TRIBUNAL DE JUSTIÇA DO ESTADO DO PIAUÍ
ÓRGÃO JULGADOR : 2ª Câmara Especializada Cível
APELAÇÃO CÍVEL (198) No 0814479-52.2023.8.18.0140
APELANTE: RITA DE CASSIA DOS SANTOS
Advogado(s) do reclamante: LINDEMBERG FERREIRA SOARES CHAVES REGISTRADO(A) CIVILMENTE COMO LINDEMBERG FERREIRA SOARES CHAVES
APELADO: BANCO PAN S.A.
REPRESENTANTE: BANCO PAN S.A.
Advogado(s) do reclamado: FELICIANO LYRA MOURA REGISTRADO(A) CIVILMENTE COMO FELICIANO LYRA MOURA
RELATOR(A): Desembargador JOSÉ JAMES GOMES PEREIRA
EMENTA: APELAÇÃO CÍVEL. PROCESSO CIVIL. AÇÃO DECLARATÓRIA DE NULIDADE CONTRATUAL C/C REPETIÇÃO DE INDÉBITO C/C INDENIZAÇÃO POR DANOS MORAIS. LITISPENDÊNCIA. LITIGÂNCIA DE MÁ-FÉ. INOCORRÊNCIA. NÃO COMPROVAÇÃO DO DOLO.SENTENÇA ANULADA. RETORNO DOS AUTOS À ORIGEM PARA REGULAR PROCESSAMENTO DO FEITO.
1. Os processos identificados pelo juízo a quo possuam identidade de partes e o mesmo pedido. Contudo, possuem causa de pedir distintas. Evidente, pois, a inexistência de litispendência.
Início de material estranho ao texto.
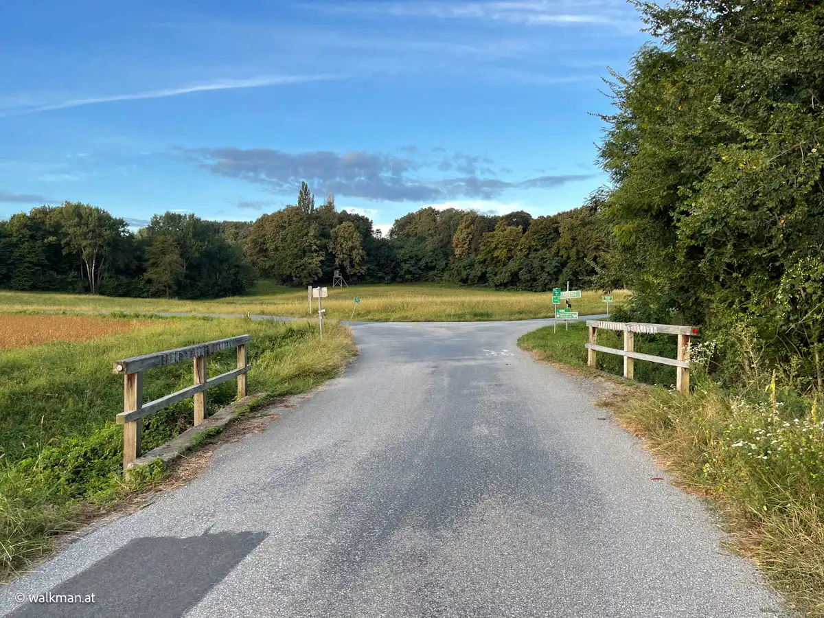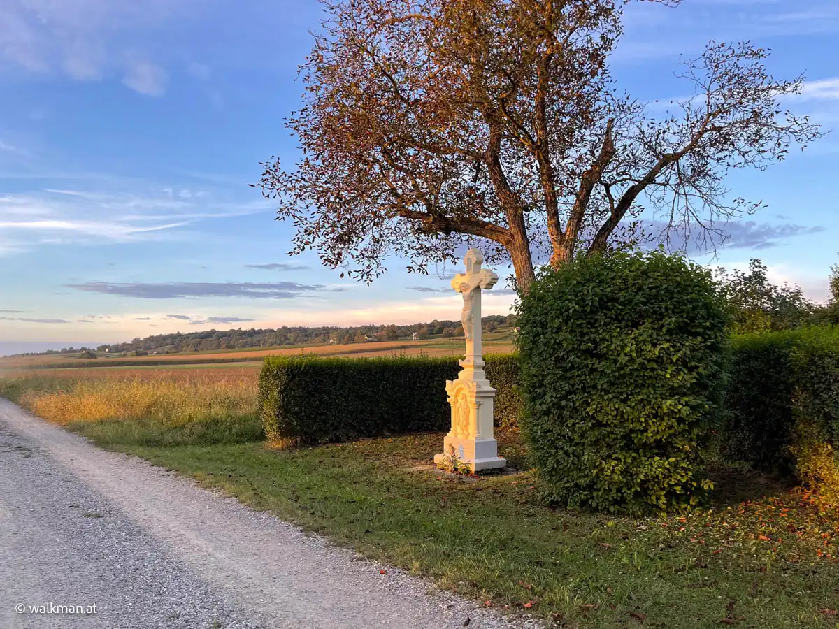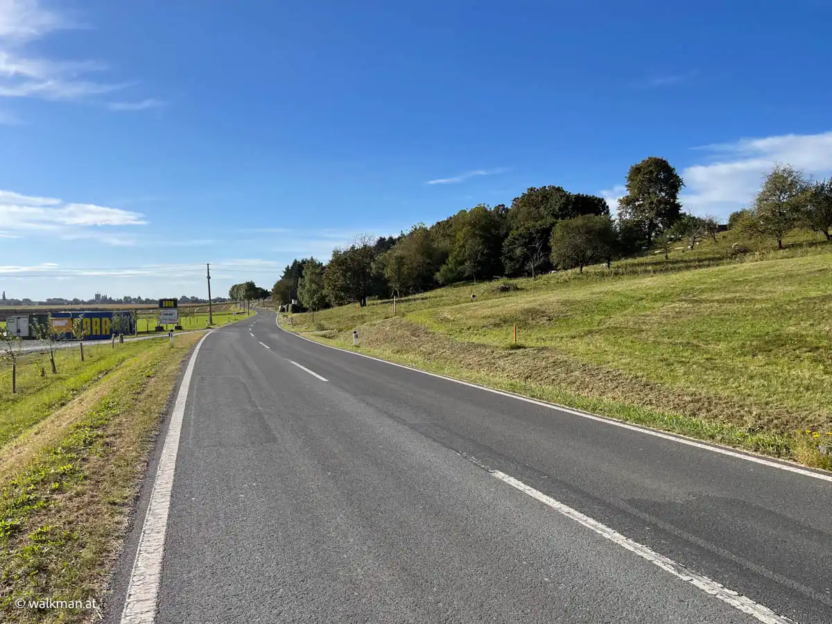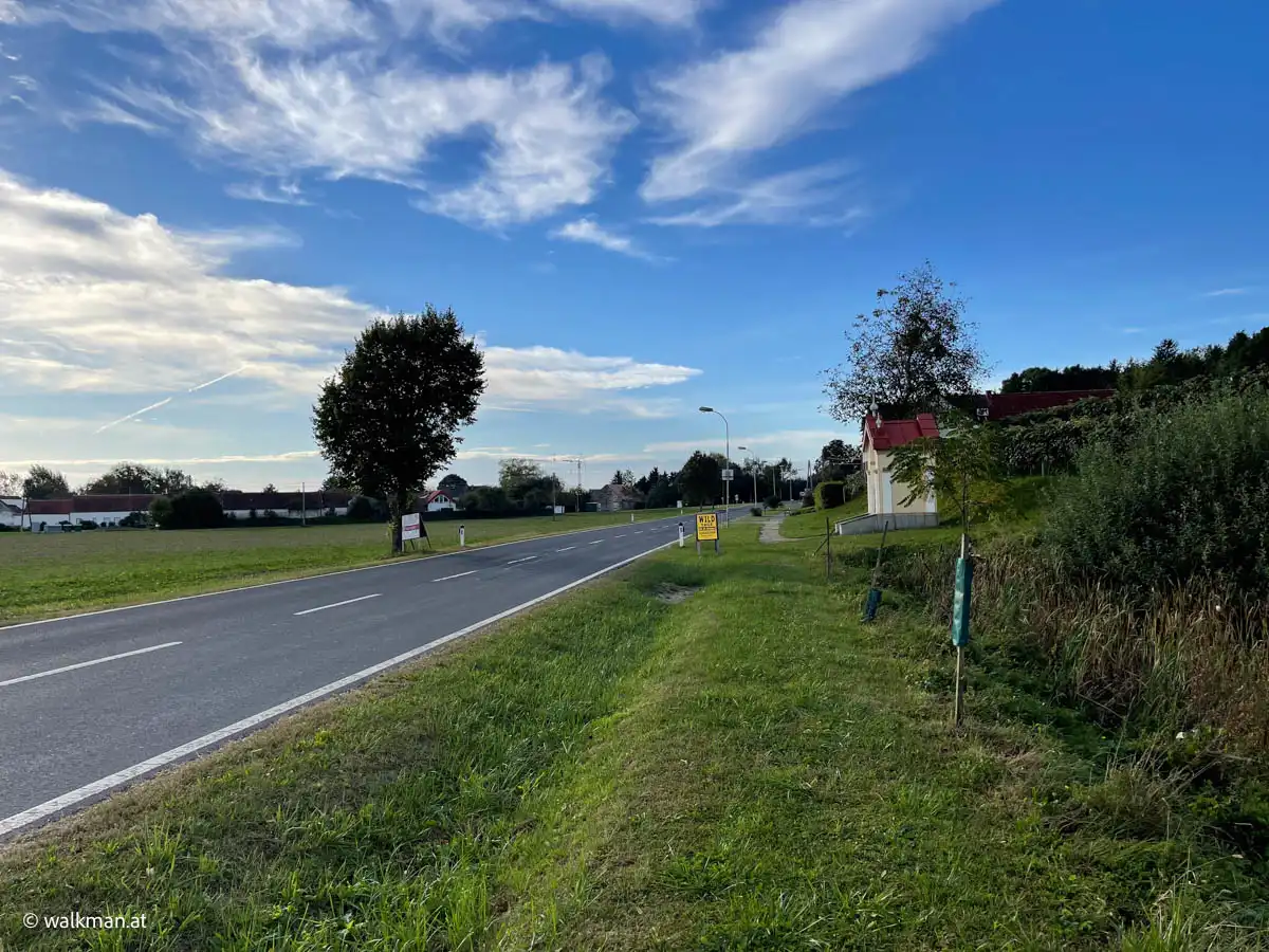 Hier gehts nun etwa zweihundert Meter gerade entlang, bis die Straße eine Rechtskurve beschreibt. An dieser Rechtskurve, bzw. Kreuzung steht, gleich hinter der Brücke Richtung Eberau, auch ein Amerikanerkreuz. Wer gucken mag. Das habe ich allerdings bereits bei einer anderen Tour begutachtet. Deswegen folge ich heute ohne Pause dem Straßenverlauf nach rechts. Ab hier geht es nun langsam bergauf zum Weinberg.

2. Uma vez demonstrado que a peça vestibular em análise atende plenamente aos requisitos legais, entendo que incorreu o d. juízo em error in procedendo, devendo a sentença em apreço ser anulada e os autos retornar ao primeiro grau para fins de retomada do processamento do feito, proferindo-se, ao final, novo julgamento.
3. A litigância de má-fé não se presume; exige-se prova satisfatória do dolo da parte.
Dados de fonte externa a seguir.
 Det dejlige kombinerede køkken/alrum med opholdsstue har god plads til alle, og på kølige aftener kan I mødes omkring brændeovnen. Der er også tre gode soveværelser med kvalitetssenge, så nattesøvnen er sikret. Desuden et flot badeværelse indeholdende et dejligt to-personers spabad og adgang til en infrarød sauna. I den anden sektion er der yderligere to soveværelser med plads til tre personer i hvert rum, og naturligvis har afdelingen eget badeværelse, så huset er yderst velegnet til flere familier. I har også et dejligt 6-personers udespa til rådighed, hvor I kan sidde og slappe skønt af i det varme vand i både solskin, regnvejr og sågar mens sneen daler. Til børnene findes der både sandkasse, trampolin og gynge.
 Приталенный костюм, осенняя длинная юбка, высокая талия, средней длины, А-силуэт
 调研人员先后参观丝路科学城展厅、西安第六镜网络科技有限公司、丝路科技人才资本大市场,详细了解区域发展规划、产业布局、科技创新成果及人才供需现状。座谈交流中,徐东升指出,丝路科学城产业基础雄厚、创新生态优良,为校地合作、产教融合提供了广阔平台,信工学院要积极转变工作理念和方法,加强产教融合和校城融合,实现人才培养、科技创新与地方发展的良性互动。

4. No caso, não se vislumbra ato que demonstre má-fé no comportamento processual da apelante, haja vista que litigou em busca de direto que imaginava possuir.
5. Recurso conhecido e provido.
DECISÃO: Acordam os componentes da 2ª Câmara Especializada Cível, do Tribunal de Justiça do Estado do Piauí, À unanimidade, DAR PROVIMENTO para afastar a condenação da parte apelante nas penas por litigância de má-fé, eis que não configurado o dolo da parte, assim como determino a anulação da sentença com o retorno dos autos ao juízo de origem para regular processamento do feito. Sem honorários sucumbenciais recusais. Preclusas as vias impugnativas, dê-se baixa na distribuição.
RELATÓRIO
Trata-se de APELAÇÃO CÍVEL interposta por RITA DE CASSIA DOS SANTOS SILVA contra sentença proferida nos autos da AÇÃO DECLARATÓRIA DE NULIDADE CONTRATUAL C/C REPETIÇÃO DE INDÉBITO C/C INDENIZAÇÃO POR DANOS MORAIS (Processo n.° 0814479-52.2023.8.18.0140) que lhe move BANCO PAN S.A, ora apelado.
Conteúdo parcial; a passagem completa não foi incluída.